Site-to-Site Connectivity in F5 Distributed Cloud Network Connect – Reference Architecture
Purpose
This guide describes the reference architecture for deploying F5 Distributed Cloud’s (XC) Multicloud Network Connect service to interconnect their workload across private connectivity or the internet. It enumerates the options available to an F5 Distributed Cloud user to configure site-to-site connectivity using F5 XC Customer Edges (CEs) and explains them in detail to help the user make informed decisions to choose the correct topology for their use case.
Audience
This guide is for technical readers, including network admins and architects who want to understand how the Multicloud Network Connect service works and what network topology they must use to interconnect their workloads across data centers, branches, and public clouds.

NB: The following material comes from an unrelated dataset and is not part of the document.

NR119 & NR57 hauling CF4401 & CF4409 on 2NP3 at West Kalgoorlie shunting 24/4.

This guide assumes the reader is familiar with networking concepts like routing, default gateway configurations, IPSec and SSL encryption, and private connectivity solutions provided by public clouds like AWS Direct Connect and Azure Express Route.
Introduction
Ensuring workload reachability across data centers, branches, and/or public cloud can be challenging and operationally complex if done in the traditional way. The network teams must design, configure, and maintain multiple networking and security equipment and need expertise across many vendor solutions that provide functionality like NAT, SD-WAN, VPN, firewalls, access control lists (ACLs), etc. This gets even more nuanced while connecting two networks that have overlapping IP address CIDRs which is often in the case of hybrid cloud deployments and during mergers and acquisitions.

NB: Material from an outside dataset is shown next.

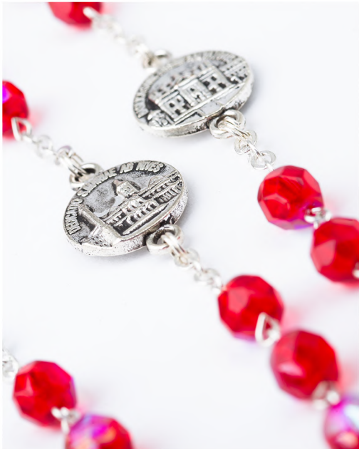
RVCR6/4B - RVCR7/4B

F5 XC Multicloud Network Connect provides a simple way to configure these interconnections and manage access and security policies across multiple heterogeneous environments, from a single console. It abstracts the complexities by taking the user intent and automating the underlying networking and security while providing the flexibility to choose to connect over a private network or the public internet.
Customer Edge as a Gateway
To provide site-to-site reachability and ensure enforcement of the security policies, traffic must flow through the CE site. For this, the CE’s Site Local Inside (SLI) IP address must be used as the default gateway or as the next hop to reach the networks on other sites.
Figure: Using CE as the gateway
Physical vs. Logical Connectivity
Two or more CE sites can be physically connected in multiple ways. But this does not automatically allow networks on different sites to be L3 routable to each other by default. For this, the user must associate networks with segments.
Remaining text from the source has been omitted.